Compliance: Microsoft 365 holds SOC 1/2/3, ISO 27001, and GDPR compliance across all business plans.
Standout feature: Sensitivity labels that travel with files are a significant differentiator. A document marked “Confidential” retains its classification — and the access restrictions that come with it — even if someone downloads it locally or emails it.
Dropbox Business
Dropbox Business starts at around £12–15/user/month (minimum 3 users).
Encryption: AES-256 at rest, TLS in transit. Extended Version History (up to 365 days on higher plans) is a useful ransomware recovery feature — deleted or overwritten files can be restored up to a year later.
Admin controls: Sharing permissions, view-only link settings, and team folder access can all be managed centrally. DLP is available via third-party integrations (Nightfall AI, Gamma) rather than natively — this is a meaningful gap compared to Google and Microsoft.
Compliance: SOC 2 Type II, ISO 27001, and GDPR compliance supported through Data Processing Agreements.
Worth watching: Dropbox’s strength is usability, not security depth. The lack of native DLP means you’re relying more on user behaviour to prevent sensitive data leaving incorrectly.
Quick comparison table
| Feature | Google Workspace | Microsoft 365 | Dropbox Business |
|---|---|---|---|
| Encryption at rest | AES-256 | AES-256 | AES-256 |
| Native DLP | Yes (Business Plus+) | Yes (Business Premium+) | No (third-party) |
| Sensitivity labels | Via Google labels | Yes (strong) | No |
| UK GDPR DPA available | Yes | Yes | Yes |
| SOC 2 Type II | Yes | Yes | Yes |
| Version history | 30 days (standard) | 30–180 days | 30–365 days |
Walking through DLP settings
In Google Workspace Admin Console: Navigate to Security → Data Protection → Manage Rules. Create a rule with a condition (e.g. “contains credit card number”) and an action (“block external sharing” or “alert admin”). Google’s built-in detectors cover card numbers, bank accounts, and national ID formats.
In Microsoft 365 Compliance Centre: Go to Data Loss Prevention → Policies → Create Policy. Select a template (Financial Data, GDPR, etc.) or build a custom policy. Assign it to OneDrive and SharePoint locations. Test in simulation mode before enforcing — this is worth doing rather than jumping straight to blocking.
Access review checklist
Run this quarterly and immediately when any employee or contractor leaves. Start with users: pull a list of everyone with access to shared drives and team folders, then remove any accounts not currently in use — former staff, contractors, and vendors are the most common sources of stale access.
Then work through link and log hygiene:
- Review externally shared links and revoke any that are no longer needed
- Check for folders or files shared with “anyone with the link” and restrict to specific users
- Confirm all admin accounts have MFA enabled
- Review audit logs for bulk downloads in the past 30 days
What to never store in cloud storage
Cloud storage isn’t appropriate for every category of sensitive data, regardless of how well it’s configured:
Unencrypted passwords or authentication credentials belong in a dedicated password manager. Private encryption keys belong in a proper key management system.
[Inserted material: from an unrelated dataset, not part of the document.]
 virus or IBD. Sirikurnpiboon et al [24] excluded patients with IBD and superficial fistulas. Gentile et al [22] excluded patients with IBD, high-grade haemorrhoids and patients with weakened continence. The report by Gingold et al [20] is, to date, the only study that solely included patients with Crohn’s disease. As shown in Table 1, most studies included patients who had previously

Payment card numbers in plaintext are a PCI-DSS violation — they need dedicated encryption tools, not a spreadsheet in Google Drive. Raw biometric data is subject to strict regulations under UK GDPR and the Data Protection Act 2018.
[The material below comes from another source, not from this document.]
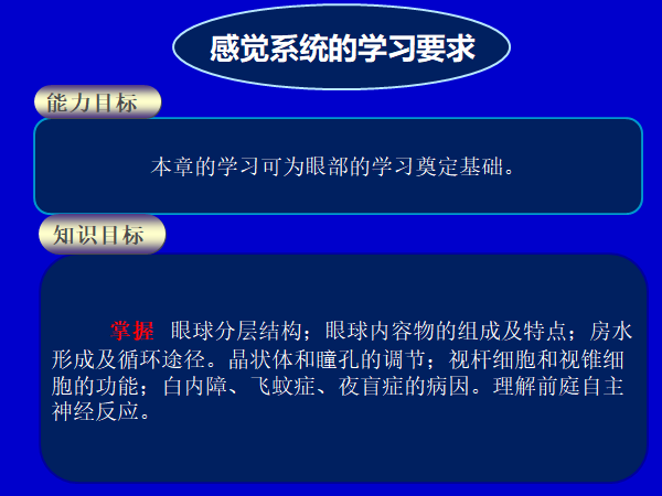 C.视网膜:分为视部和盲部Ø视锥细胞能感受强光和辨色;Ø视杆细胞仅能感受弱光,不能辨色。

The rule of thumb: if the data would cause serious harm to your business or customers if exposed, default cloud storage isn’t enough. At minimum, encrypt the file before uploading it.
Cloud storage, configured properly, is genuinely secure for the vast majority of business data. Spend 90 minutes with your admin console, run the access review checklist, and enable whatever DLP rules your plan supports. That setup will do more for your data security than almost anything else you can do this year.